How to complete this task:
Could you print the stretch of lines below from the one with "健康检查活动结束后,在我校驻" through the one with "A window to", exactly as they stand and without any pictures?

* * *

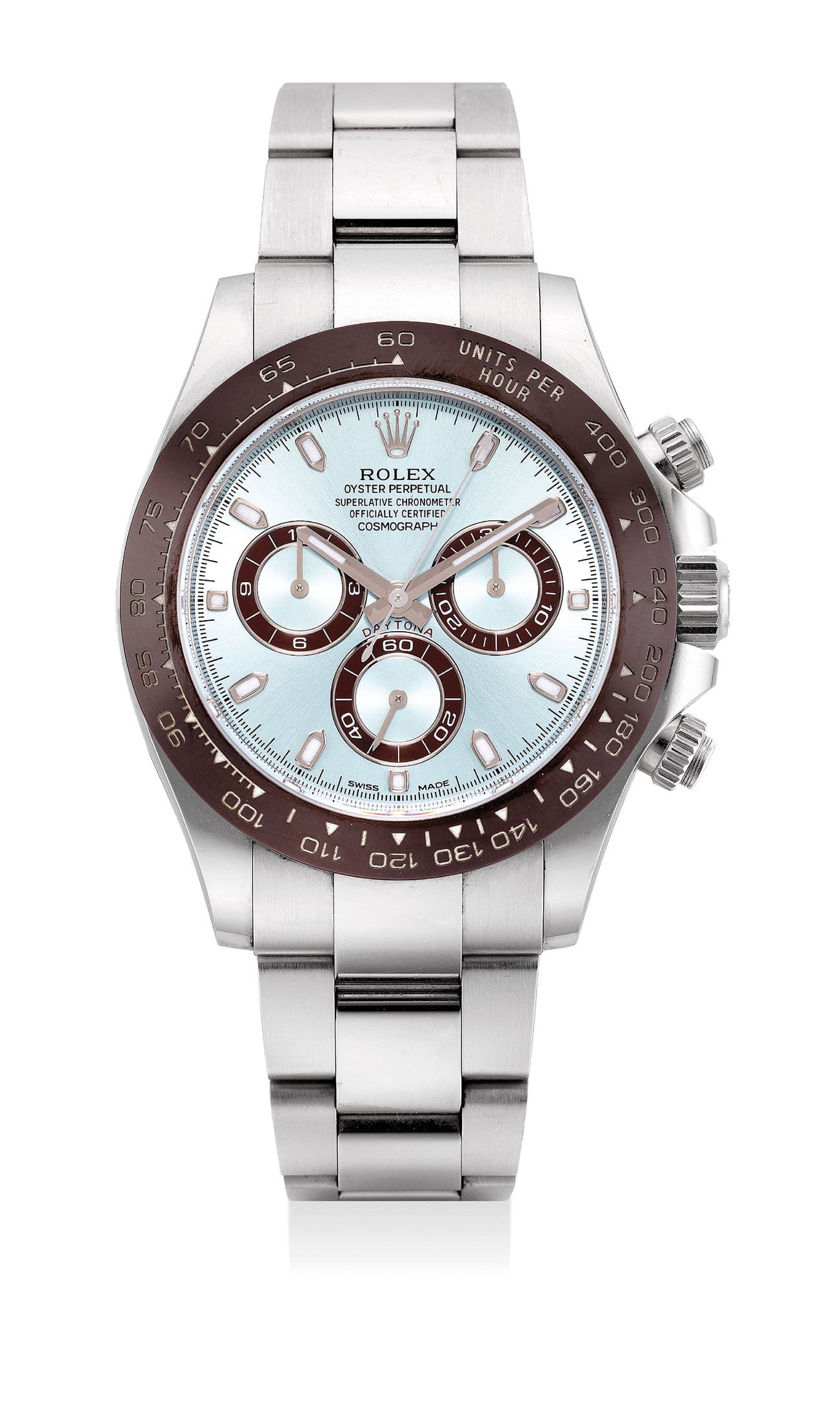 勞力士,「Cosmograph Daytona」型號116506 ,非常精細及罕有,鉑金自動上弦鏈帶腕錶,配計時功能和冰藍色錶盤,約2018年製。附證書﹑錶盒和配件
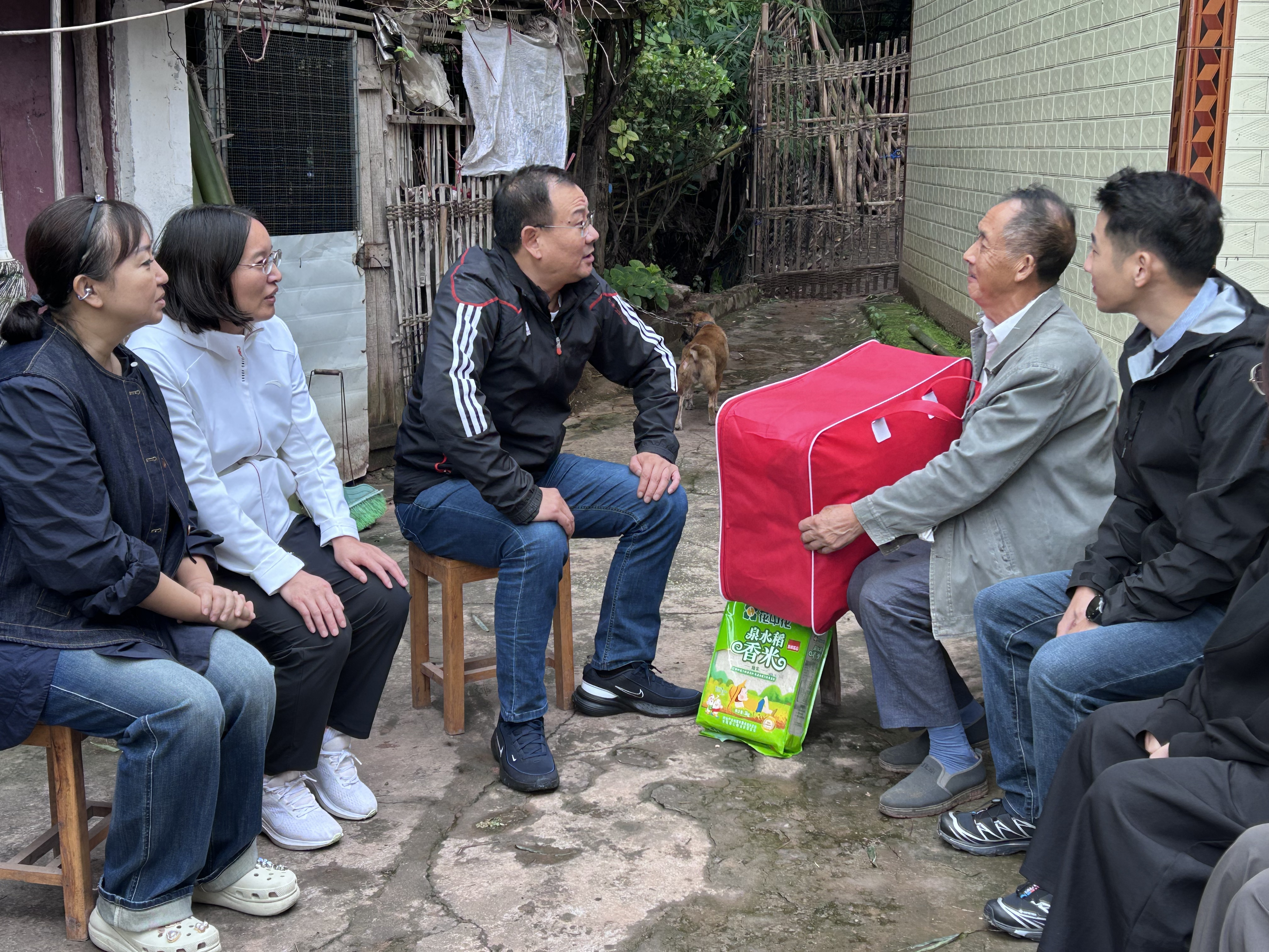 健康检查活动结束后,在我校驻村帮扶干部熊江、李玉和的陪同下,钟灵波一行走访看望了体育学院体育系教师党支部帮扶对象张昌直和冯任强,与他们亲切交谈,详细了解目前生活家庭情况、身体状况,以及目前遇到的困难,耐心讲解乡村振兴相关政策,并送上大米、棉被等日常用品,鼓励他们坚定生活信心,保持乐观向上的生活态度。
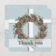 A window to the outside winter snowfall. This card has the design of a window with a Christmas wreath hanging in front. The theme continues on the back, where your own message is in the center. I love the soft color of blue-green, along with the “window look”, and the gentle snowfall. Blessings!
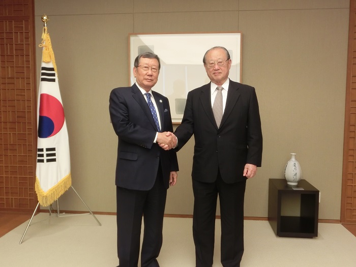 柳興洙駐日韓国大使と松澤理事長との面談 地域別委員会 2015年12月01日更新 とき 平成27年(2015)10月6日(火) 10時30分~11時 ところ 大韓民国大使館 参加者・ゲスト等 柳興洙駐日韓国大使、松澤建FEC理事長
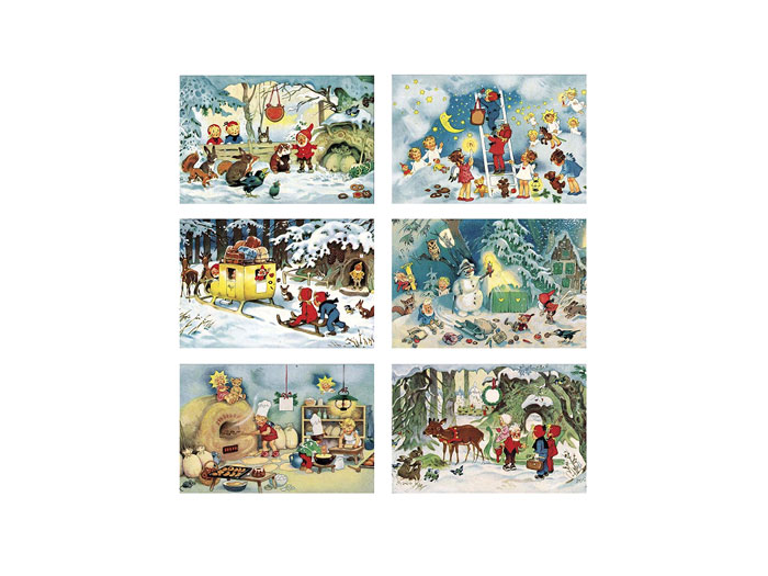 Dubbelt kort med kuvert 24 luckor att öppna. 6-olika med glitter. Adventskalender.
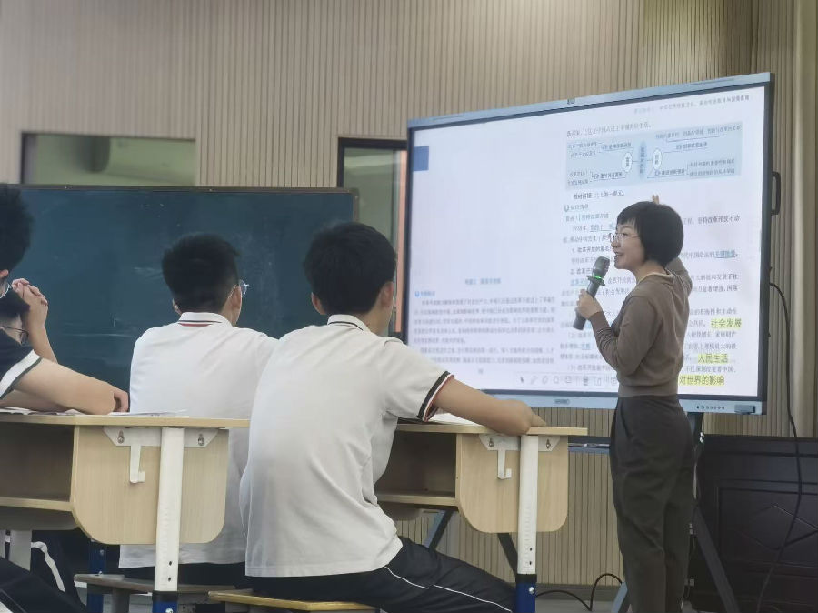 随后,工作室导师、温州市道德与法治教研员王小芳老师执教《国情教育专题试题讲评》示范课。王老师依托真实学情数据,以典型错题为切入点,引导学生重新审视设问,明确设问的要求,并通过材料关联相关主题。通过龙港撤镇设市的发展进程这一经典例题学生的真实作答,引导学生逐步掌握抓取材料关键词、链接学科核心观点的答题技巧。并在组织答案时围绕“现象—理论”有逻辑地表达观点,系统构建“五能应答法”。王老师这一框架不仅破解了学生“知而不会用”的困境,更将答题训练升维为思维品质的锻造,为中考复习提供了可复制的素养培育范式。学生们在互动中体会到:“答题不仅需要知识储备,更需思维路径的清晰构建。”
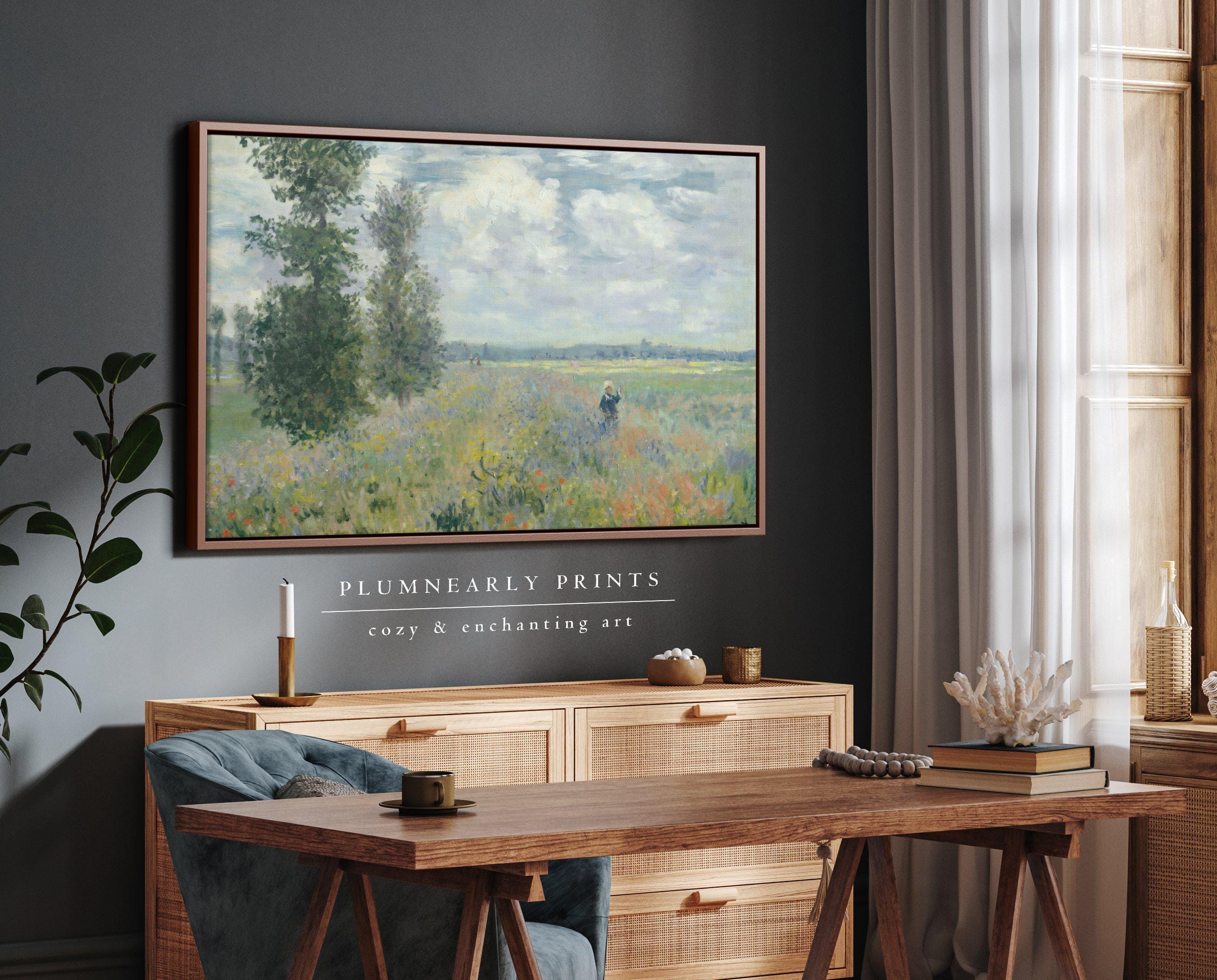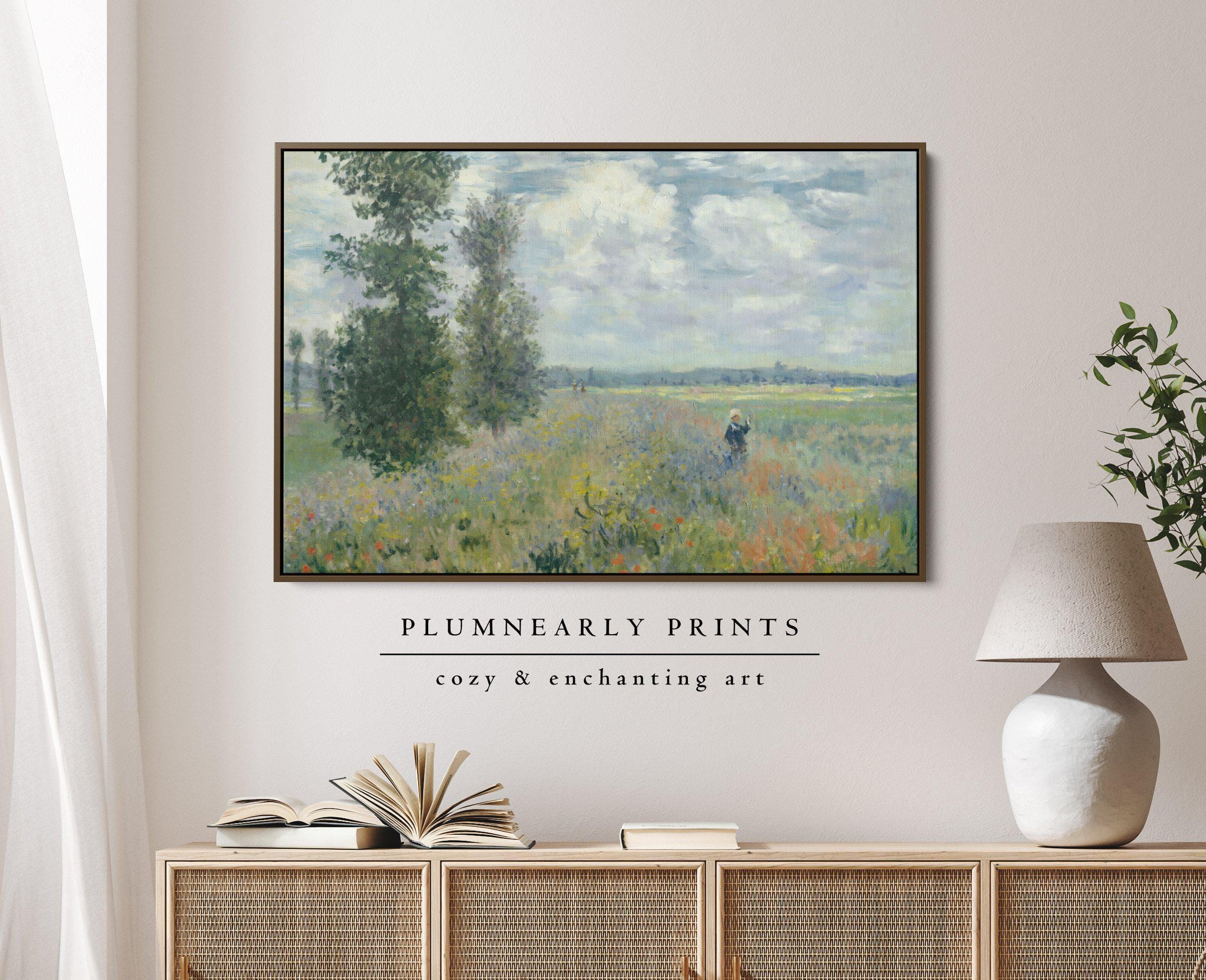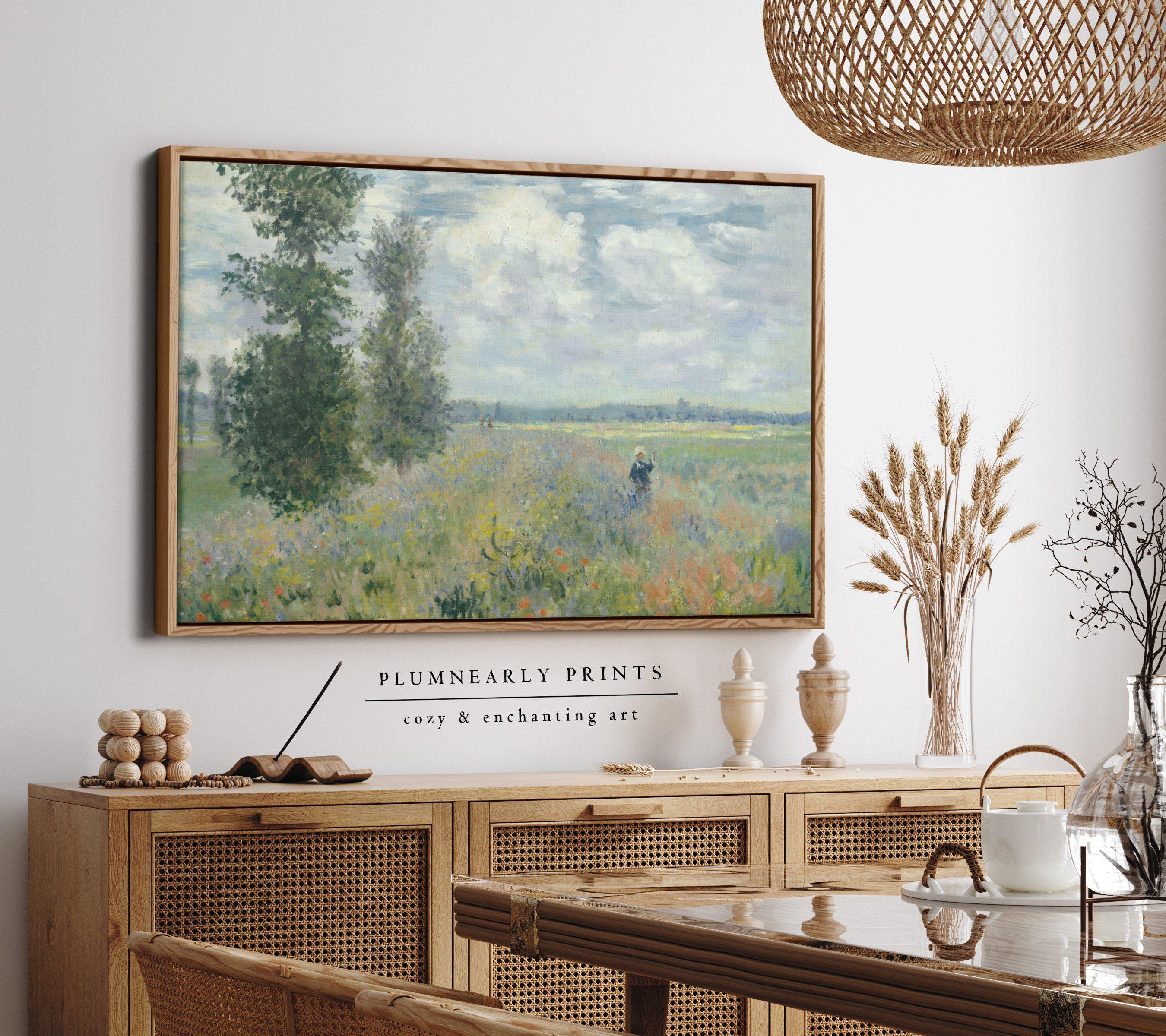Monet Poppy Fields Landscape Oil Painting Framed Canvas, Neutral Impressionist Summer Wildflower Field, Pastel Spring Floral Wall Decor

* * *

Response below:
 健康检查活动结束后,在我校驻村帮扶干部熊江、李玉和的陪同下,钟灵波一行走访看望了体育学院体育系教师党支部帮扶对象张昌直和冯任强,与他们亲切交谈,详细了解目前生活家庭情况、身体状况,以及目前遇到的困难,耐心讲解乡村振兴相关政策,并送上大米、棉被等日常用品,鼓励他们坚定生活信心,保持乐观向上的生活态度。
 A window to the outside winter snowfall. This card has the design of a window with a Christmas wreath hanging in front. The theme continues on the back, where your own message is in the center. I love the soft color of blue-green, along with the “window look”, and the gentle snowfall. Blessings!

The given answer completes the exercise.